- Согласна, - кивнула она. - Но если ты не зажигаешь лампу, то зачем же ты берешь ее с собой?
- Потому что я плохо вижу в темноте, - был ответ.
Они помолчали.
Он смотрел на нее во все глаза. Он разглядывал ее лицо не так, как это делали другие: не украдкой, а открыто, с искренним любопытством.
Потом он спросил:
- А как, по меркам людей, ты считаешься красивой?
Она даже замерла от подобной дерзости. Но он улыбался так спокойно и дружески, что она отбросила всякие сомнения и просто ответила:
- Нет, по меркам людей я просто ужасна. Я никакая, понимаешь? Я даже, по большому счету, не некрасивая. Просто ничто, пустое место.
- Да, это ужасно, - согласился он. И погрузился в раздумья. Наконец он заговорил опять: - А для чего ты идешь в замок?
- Ищу работу. А ты?
- Я? - Он пожал плечами. - Иногда я здесь живу. А иногда - в другом месте. А какую работу ты ищешь?

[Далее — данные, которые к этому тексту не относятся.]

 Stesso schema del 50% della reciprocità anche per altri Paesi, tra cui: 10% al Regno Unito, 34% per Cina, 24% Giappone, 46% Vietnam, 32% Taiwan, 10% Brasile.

- Самую грубую и грязную, - ответила девушка с горечью. - Такую, за которую никто больше не возьмется.
- Достойное стремление, - одобрил он. - Свидетельствует о недюжинном мужестве и самоуверенности.
Она покосилась на него недоверчиво.
- Одобряете?
- Если быть точным, то это не мое дело…
Он растянулся на земле, заложил руки за голову, устремил к звездам свой длинный острый нос. От его волос и глаз исходило слабое свечение, как от старой гнилушки.

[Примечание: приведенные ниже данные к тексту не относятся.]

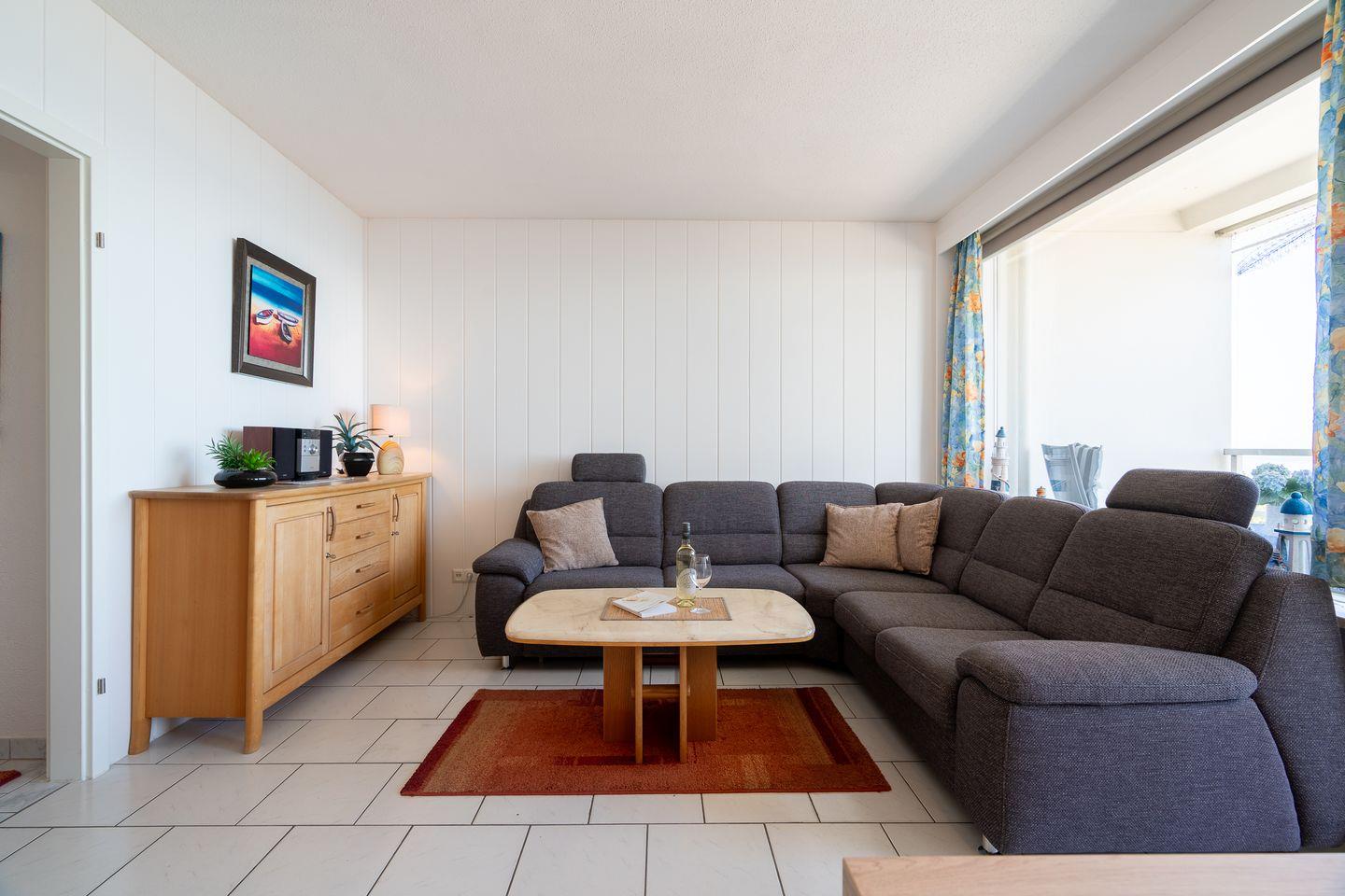 Die Ferienwohnung Nr. 406 ist eine 3-Raum-Nichtraucherwohnung in der 4. Etage mit Balkon und Ostseeblick. Die Wohnung ist für bis zu fünf Personen geeignet. im ersten Schlafraum steht ein Doppelbett, im zweiten ein Etagenbett. Das Sofa im Wohnzimmer bietet einen weiteren Schlafplatz. Die Küchenzeile ist zum Wohn- und Essbereich offen und mit Spülmaschine, Backofen und Herd ausgestattet. Das Wannenbad ist innenliegend. Zum Strand sind es nur wenige Fußschritte.

Неожиданно он расхохотался.
- Ты только представь себе: пробираюсь я к замку знакомой тропой и вдруг спотыкаюсь о нечто! А нет ничего более неприятного, доложу я тебе, чем человеческое тело, если об него споткнуться. Особенно - живое человеческое тело, когда оно внезапно начинает содрогаться и двигаться. Труп - еще куда ни шло, он твердый, но живое… - Его передернуло при одном только представлении об этом.
- Очень смешно, - сухо отозвалась Ингильвар. - А теперь замолчите, пожалуйста, потому что я хочу спать.

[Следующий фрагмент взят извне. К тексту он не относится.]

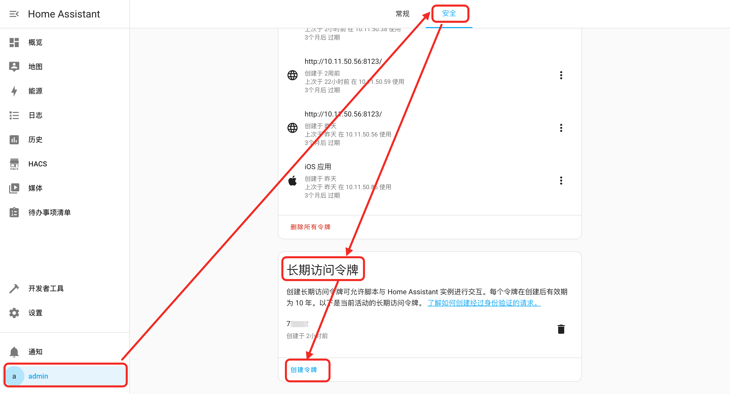 - 在 profile 页面,点击“安全”标签,找到“长期访问令牌”,单击“创造令牌”,即可生成 Home Assistant Token,用于在 Aqara Studio 上 添加 Home Assistant 生态设备。

- Это ты врешь, предположим, - заявил он. - Ничего ты не хочешь спать.
- Хочу!
Он приподнялся на локте и устремил на нее свои горящие глаза.
- Нет! - прошипел он. - Не хочешь! Ты хочешь болтать со мной.
- Почему? - вскинулась она.
- Потому что мне скучно. Потому что я просто не в силах лежать рядом с кем-то одушевленным, кто не труп, и молчать.
- Я думала, только женщины не в состоянии молчать, если видят кого-нибудь живого, - заметила Ингильвар.
- Каждый истинный мужчина всегда немного женщина, иначе его трудно назвать в полной мере личностью, - сказал незнакомец. - Ты уже видала господина Лутвинне? Мужчина хоть куда, хоть и эльф, а носит женское имя.
- Читать чужие мысли нечестно, - сказала Ингильвар.
- Я? - Он приложил ладонь к груди. - Клянусь тебе молоком моей матери, у меня и в мыслях не было читать твои мысли…
- Врете.
- Я?
- Да, да. Вы - врете. Читаете мои мысли, нарочно пнули меня ногой, чтобы я проснулась и болтала с вами, потому как ворота закрыты до утра, а вам, видите ли, скучно.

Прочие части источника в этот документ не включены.